I first read this article last year when I was preparing my keynote on African translanguaging and I revisited it after reading an article on codeswitching in a South African classroom in my class on multilingualism and plurilingualism. Makalela is drawing on the work of Ofelia Garcia, who he references several times throughout the article, but adapting her ideas within a distinctly African worldview. I find the emphasis on named languages as a European invention quite intriguing and am wondering whether other scholars who argue against the validity of named languages have examined the concept within contexts with language continuums, where the boundaries between languages are already much more porous. For example, the languages that my students in Tanzania say they speak don’t reflect the same distinctions that Ethnologue makes for Tanzanian languages. My students see Chagga as one languages (with different varieties) and Ethnologue sees it as several, but the reverse is true for Hacha. It’s therefore much less of a conceptual leap to think of translanguaging as natural, when there’s less of a consensus of what constitutes a language or not in your context. I also want to think more deeply about the ideas of incompletion and interdependence, since those are the aspects that seem most directly tied to ubuntu, and therefore least reflected in the wider literature.

Makalela, L. (2016) Ubuntu translanguaging: An alternative framework for complex multilingual encounters, Southern African Linguistics and Applied Language Studies, 34(3), 187-196. https://doi.org/10.2989/16073614.2016.1250350

Reader Response Journal

Teaching and Learning in a Multilingual School: Choices, Risks and Dilemmas by Tara Goldstein

Tara Goldstein’s Teaching and Learning in a Multilingual School is the outcome of a four year ethnographic study she conducted in the late 90s at a Toronto high school with a large population of immigrant students from Hong Kong. (At the school just 38% of the the students were L1 English speakers and 35% spoke Cantonese as their L1). Each chapter includes large quotations from the participants themselves, as well as Goldstein’s analysis and suggestions for the pedagogical implications of the themes discussed in the chapter. The first section of the books contains chapters which introduce Northside, the school and the context of the study, explore the ways teachers at Northside chose to enact multilingual or monolingual practices in their classes and their reasons for their decisions, and examine different understandings of the role of student silence in the classroom, particularly in regards to the tensions of working in small groups for multilingual students. The second section focuses on linguistic discrimination, with chapters on resisting linguicism and anti-immigrant discourse, the challenges of giving oral presentations in class, with a focus on the shared burden of communication between non-native speakers and native listeners and how non-native speakers can develop the discourse competence needed to present effectively, and a conclusion on the ways school policies, which explicitly valued multilingualism as an asset at the same time they set English as the schools language of instruction, both challenge and support students’ multilingualism. Most interesting for me was the inclusion of the play Hong Kong, Canada, which Goldstein wrote based on the same ethnographic data, which is included in its entirety in an appendix. Also includes in appendices are Goldstein’s discussion of the decisions she made in her approach to ethnography and presenting her participants voices (including her question whether this story is in fact hers to tell) and the text that one of her research assistants used to teach students oral presentation skills.

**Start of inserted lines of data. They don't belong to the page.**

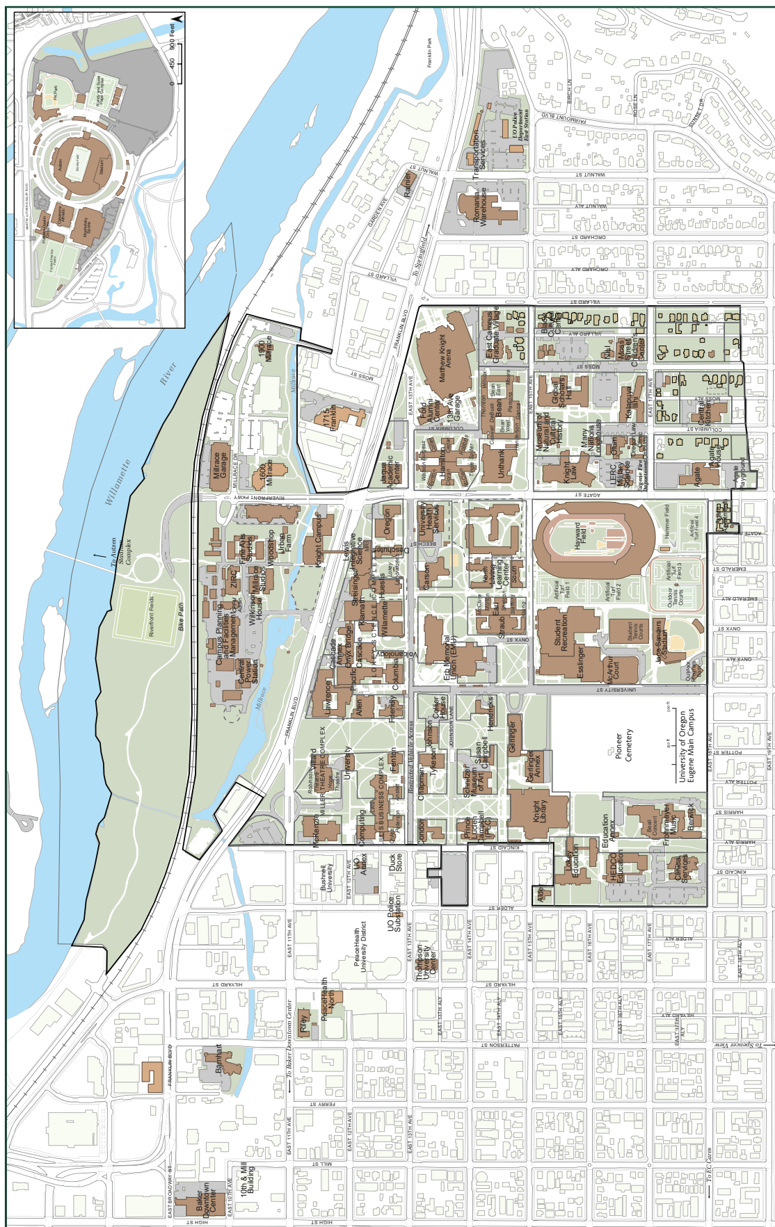
Map 2: University-owned Properties + University Leased Properties in Vicinity of Campus (Refer to Appendix I for a list of university-owned properties outside the campus boundaries, page 189.)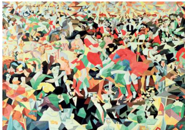
Gino Severini The Pan Pan at the Monico, 1959 (oil on canvas) Painting

Here are some other suggestions that may stimulate your ideas: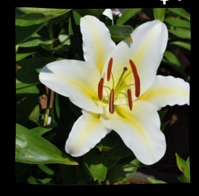
MOON OVER ALASKA Ht: 3'-3.5' $25

NEW 2023 intro! ORIENTAL MAK-LEEK EXCLUSIVES!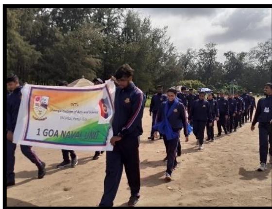
Awareness Rally "Save Water, Save Life" on 12.08.23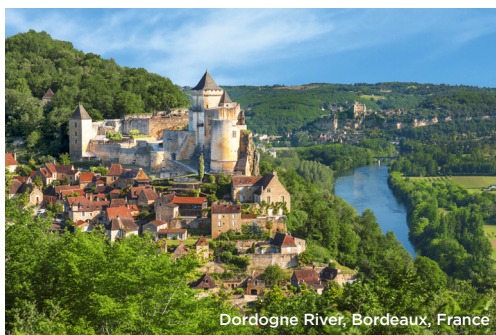
Dordogne River, Bordeaux, France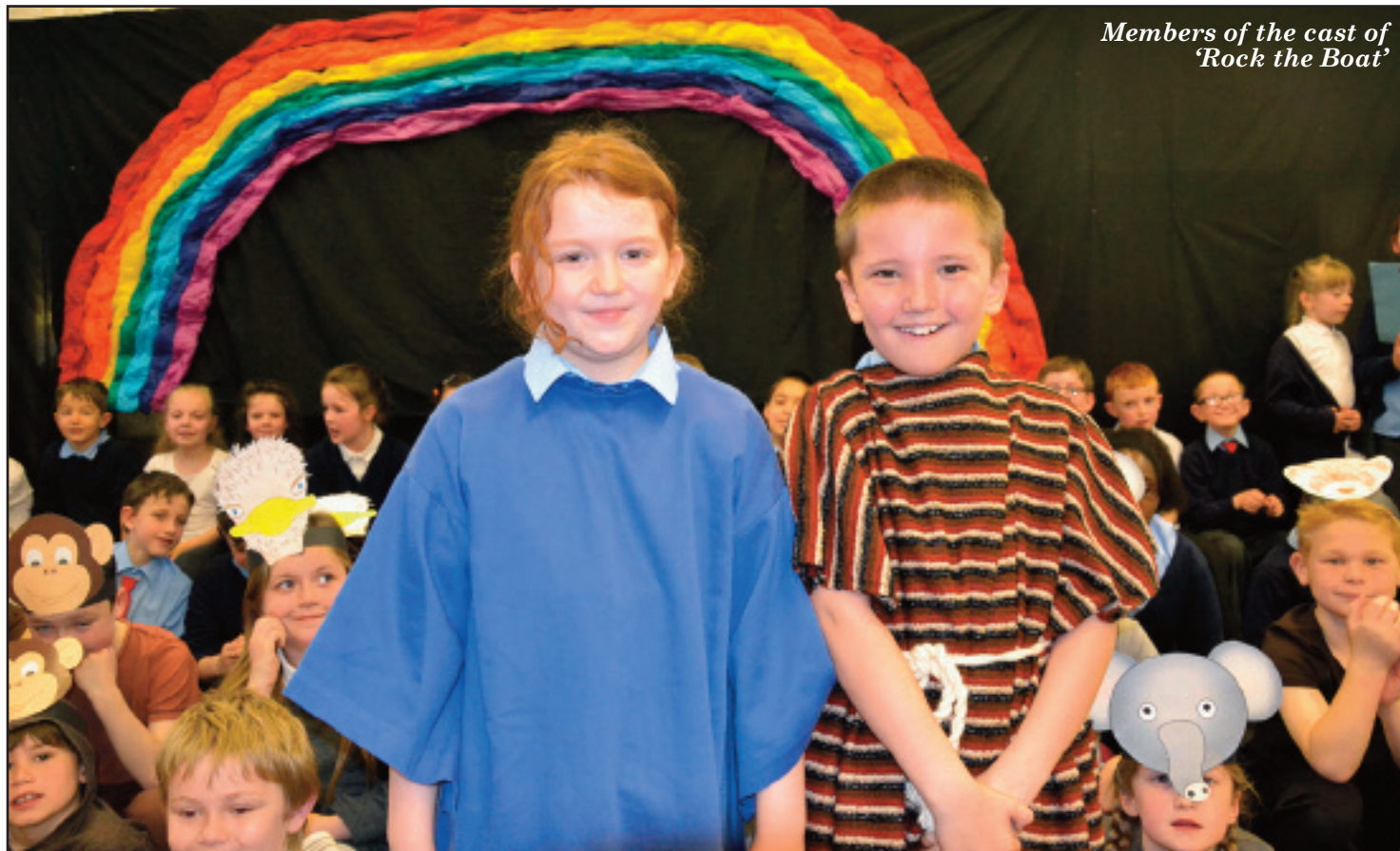
Members of the cast of 'Rock the Boat'

"A huge thank you to all the staff involved for their weeks of hard work and professionalism in getting the children to perform so well. It doesn't just happen by 'magic' and we really appreciate all the very hard work entailed. "Thank you to everyone who donated so generously to Barnsley Hospice and helped us raise £133.52."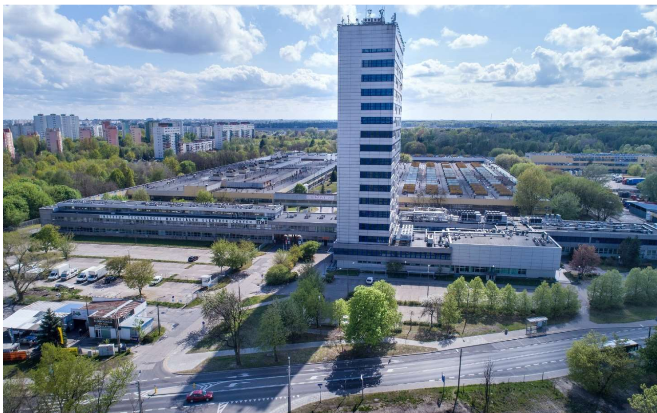
CeMat Complex, Wólczyńska 133, Bielany, Warsaw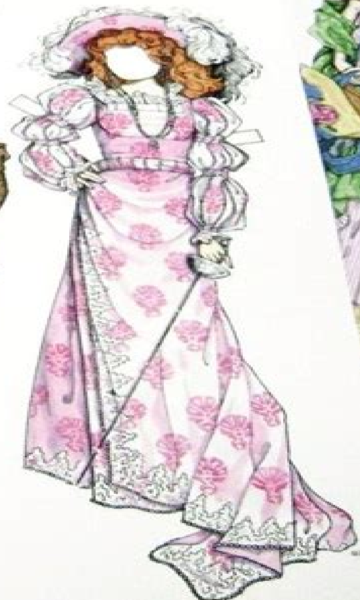
La Dame de Chaland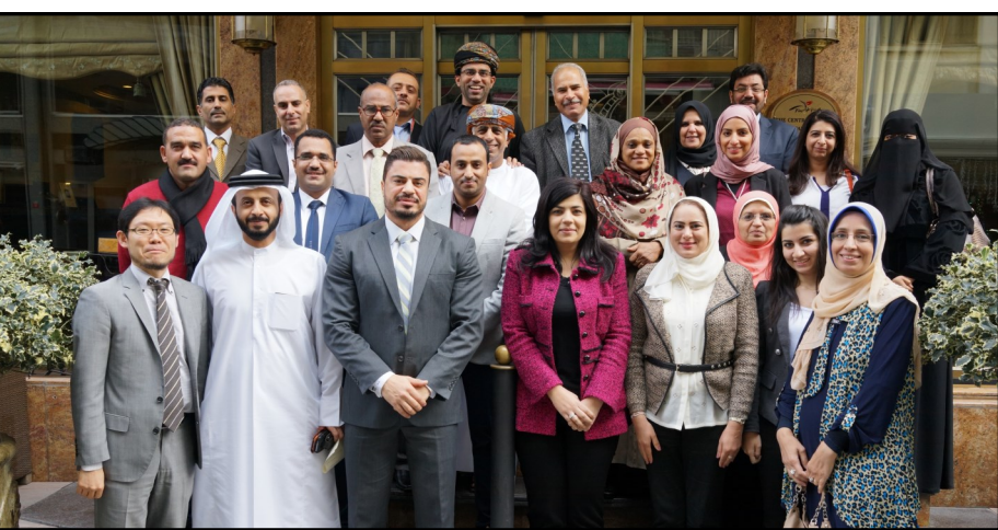
ICP-Western Asia Workshop, Istanbul, Turkey (December 8-11, 2014)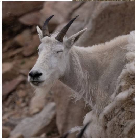
"Hey there, big boy..." she said with a wink.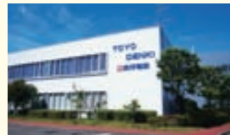
The current Yokohama Works (Kanazawa-ku, Yokohama City)

The Works was relocated to its present site in Kanazawa-ku, Yokohama City in 1985. At that time, steps were taken to renew the facilities and manufacturing systems, which was relaunching as a leading-edge facility of its day.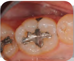
Defective amalgam. Minimally Invasive treatment indicated.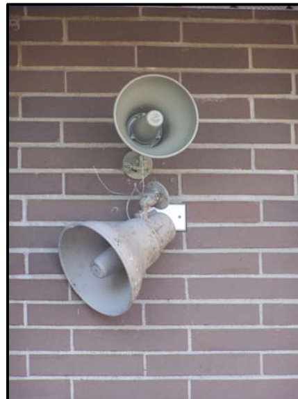
Speakers on the Outside of the Building are Being Replaced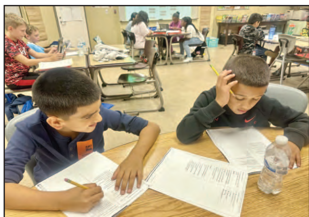
Elementary students work in small groups to analyze drama unit.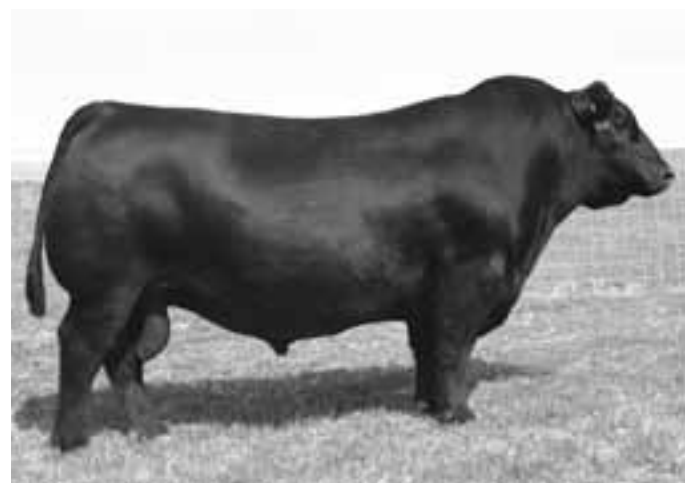
SAV NET WORTH 4200

Consignor: PHILLIPS MOUNTAIN ANGUS BUD PHILLIPS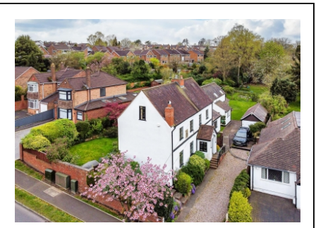
The Crofts and The Cottage, 32 Church Hill, Penn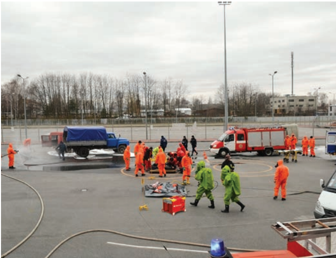
Fire fighters and emergency reponse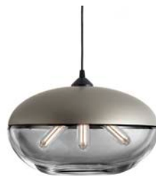
White Gold/Smoke POR-205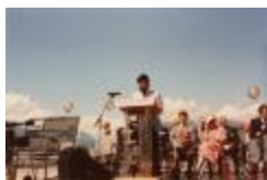
Canada Place gathering (2020_04_004_086)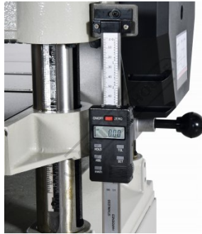
Digital Height Readout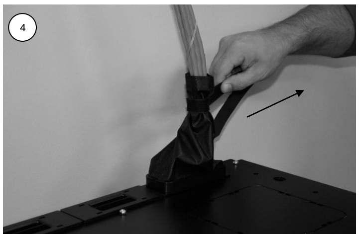
Step 4: Reattach the hook and loop at the top edge of the fabric sleeve. Pull the hook and loop cinch tie tight around the cable bundle. Wrap cinch tie around the cable bundle and attach it to itself. If applicable, trim off the excess cinch tie material.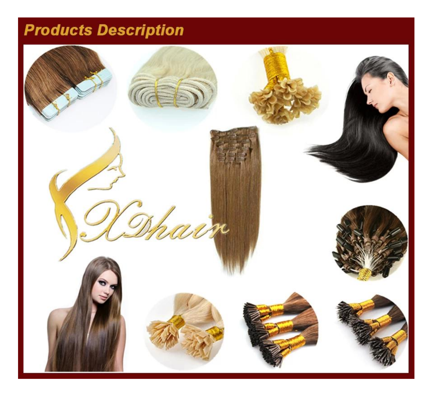
Best Selling Brazilian Virgin Hair Body Wave Unprocessed Human Hair Weft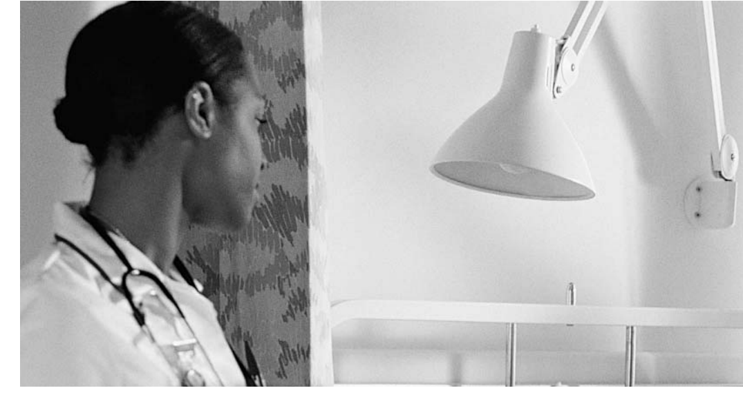
—continued from page 1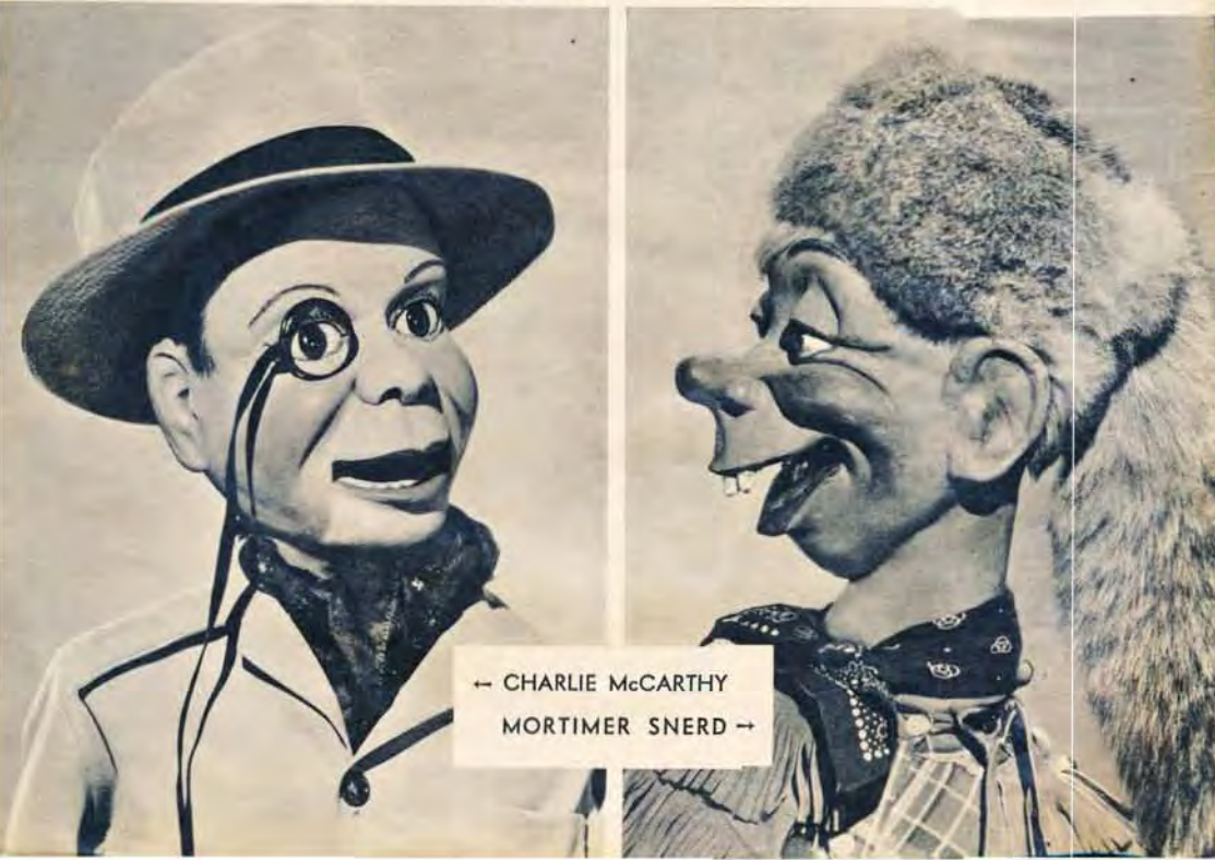
← CHARLIE McCARTHY MORTIMER SNERD →

All told, there’s quite a lot in this book that was interesting, and it read incredibly quickly and easily, probably since it’s designed as a teacher education textbook rather than a book targeting other academics. It’s based on a lot of scholarly work I’m pretty familiar with, notably Rosina Lippi-Green’s work on linguicism, accent discrimination and the burden of communication, and Bonny Norton’s theories of identity and investment. I thought the in depth descriptions of the context were compelling and it was great to see so much of what her participants had to say in their own voices. I appreciated the fact that she didn’t just end with the analysis of the ethnography and instead took it a step farther to include the pedagogical discussions, since bridging the divide between research and practice is an incredibly important step that I wish more TESOL researchers incorporated deliberately into their work. But by far the most valuable piece of this is the play itself. Ethnodrama is an area that I’m increasingly interested in learning how to do myself, since it so obviously combines my areas of interest, and it’s great to see how research data can be turned into compelling art, which gives us another lens of looking at the material. I used a scene from the play as part of a workshop I did on drama for social justice in TESOL, and it was clear how much there was in her text for actor/teachers to dive into. For that reason alone, I’d recommend reading this.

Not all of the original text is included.